[Excerpts from a dataset]
________
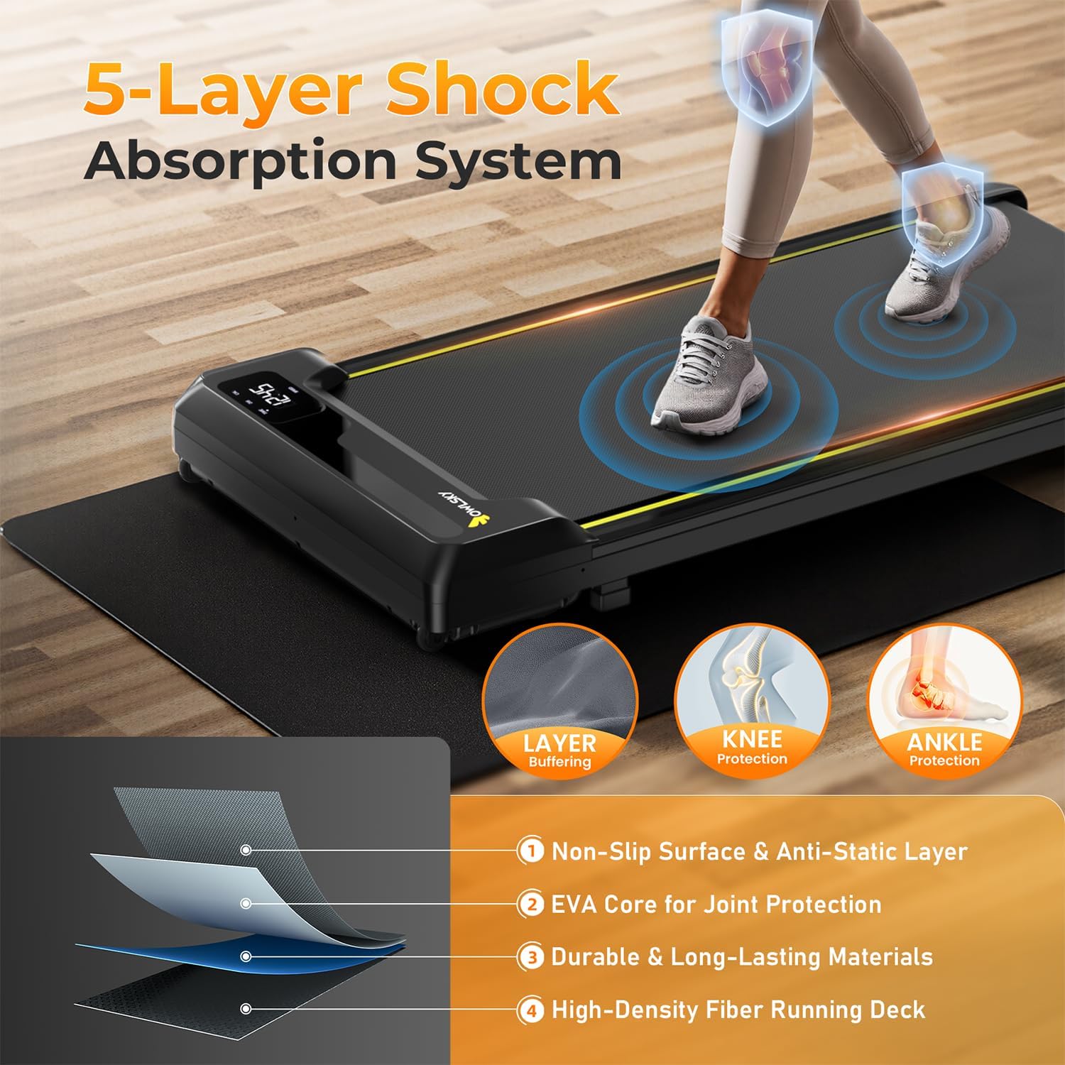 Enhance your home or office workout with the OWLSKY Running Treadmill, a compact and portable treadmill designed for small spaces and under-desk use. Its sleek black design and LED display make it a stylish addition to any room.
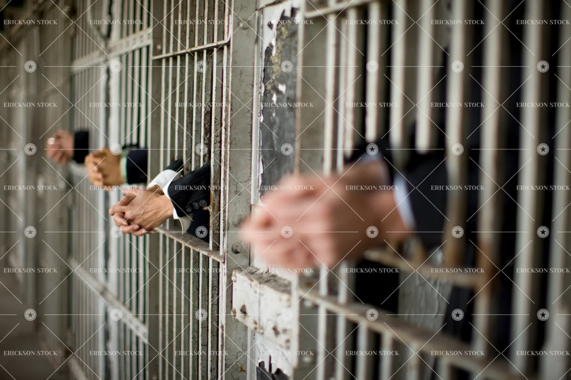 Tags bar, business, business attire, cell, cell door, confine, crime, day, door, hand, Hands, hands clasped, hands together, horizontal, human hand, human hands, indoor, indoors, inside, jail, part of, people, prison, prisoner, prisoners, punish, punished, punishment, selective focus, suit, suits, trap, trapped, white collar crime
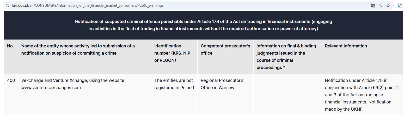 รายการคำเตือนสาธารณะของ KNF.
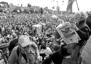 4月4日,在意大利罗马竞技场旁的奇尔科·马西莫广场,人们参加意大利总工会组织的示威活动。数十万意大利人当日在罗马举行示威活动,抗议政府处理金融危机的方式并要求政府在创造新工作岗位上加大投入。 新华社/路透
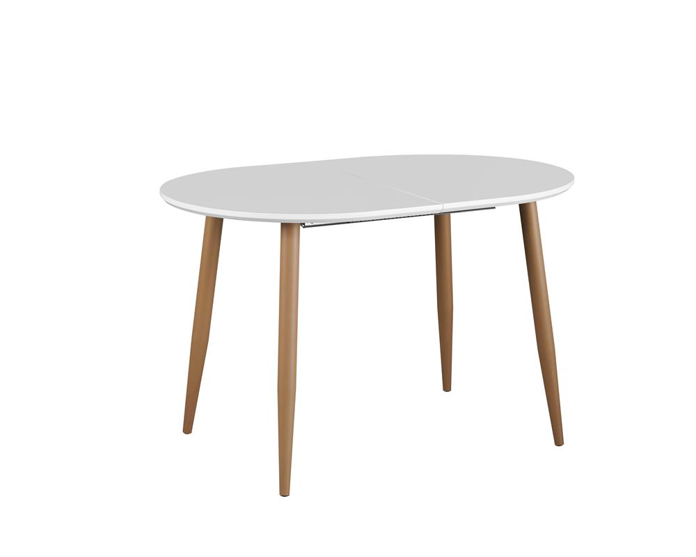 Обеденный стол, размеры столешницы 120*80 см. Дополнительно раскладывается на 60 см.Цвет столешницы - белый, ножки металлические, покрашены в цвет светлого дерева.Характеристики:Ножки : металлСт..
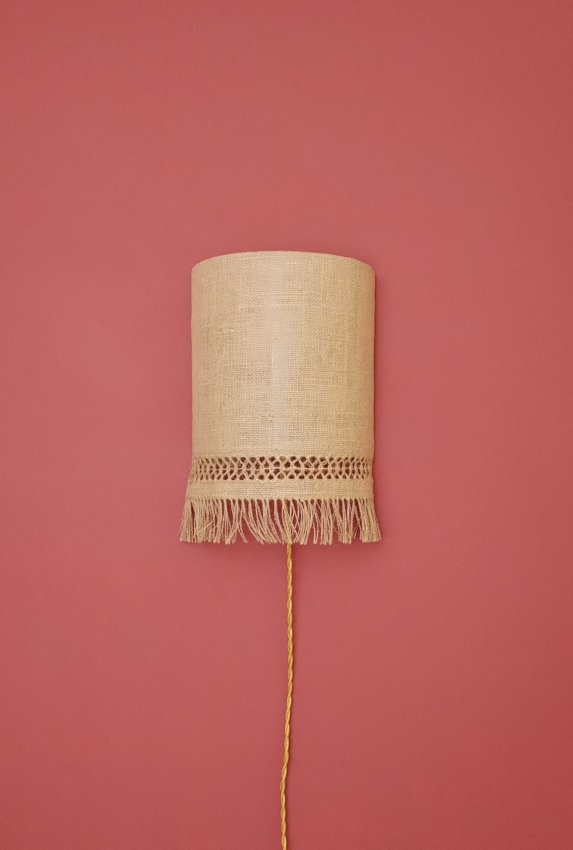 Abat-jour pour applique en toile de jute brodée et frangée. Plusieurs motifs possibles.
________
Try it: Nothing is needed beyond an exact transcription of the lines from the one containing "รายการคำเตือนสาธารณะของ KNF." to the end of the entries above, with the pictures omitted.

Response for this exercise:
 รายการคำเตือนสาธารณะของ KNF.
 4月4日,在意大利罗马竞技场旁的奇尔科·马西莫广场,人们参加意大利总工会组织的示威活动。数十万意大利人当日在罗马举行示威活动,抗议政府处理金融危机的方式并要求政府在创造新工作岗位上加大投入。 新华社/路透
 Обеденный стол, размеры столешницы 120*80 см. Дополнительно раскладывается на 60 см.Цвет столешницы - белый, ножки металлические, покрашены в цвет светлого дерева.Характеристики:Ножки : металлСт..
 Abat-jour pour applique en toile de jute brodée et frangée. Plusieurs motifs possibles.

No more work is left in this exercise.